Edgar Allan Poe
Bram Stoker
Howard Phillips Lovecraft
Clive Barker
This book reads like a love letter to the fiction created by these three men. And yet, it carries the stamp I've come to expect of Dorman's writing. Hiding under the surface of the lyrical prose are the horrors of war and destruction man visits upon himself. The commentary regarding man's war against himself is timely.
Henry Collingsworth buys a house, believing it to contain the heart of his Beloved. We are left as readers to question whether he's looking for her literal heart or something less sinister. The gothic house he'd come to search is unique. He searches every level for clues, finding nothing. It's not until he gets to the basement that he discovers the house's true secrets.
What follows is a harrowing journey that will winnow Hollingsworth down to his essential being and bring him to the brink of madness.
Dorman uses the epistolary form masterfully, bringing us into Hollingsworth's mind.

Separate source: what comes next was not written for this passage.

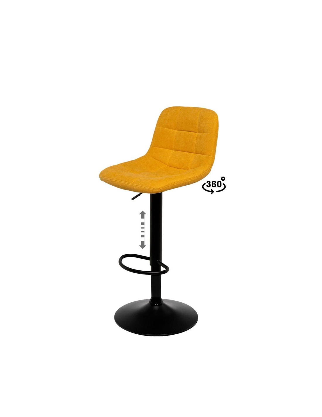Taburete Alto Regulable RAYNE 60/82 cm, Textil / Metal / Contrachapado / Mostaza

We ask ourselves if what he's seeing is real or imagined. Is the maddening maze he finds truly part of our universe or some other? In the end, does he find his Beloved?
The tension, the beautiful prose, the level of detail in describing the rooms and worlds Hollingsworth encounters all make for a rich and truly disturbing tapestry. This is a departure from Dorman's usual oeuvre, but he pulls it off and I want to see him take more risks like this.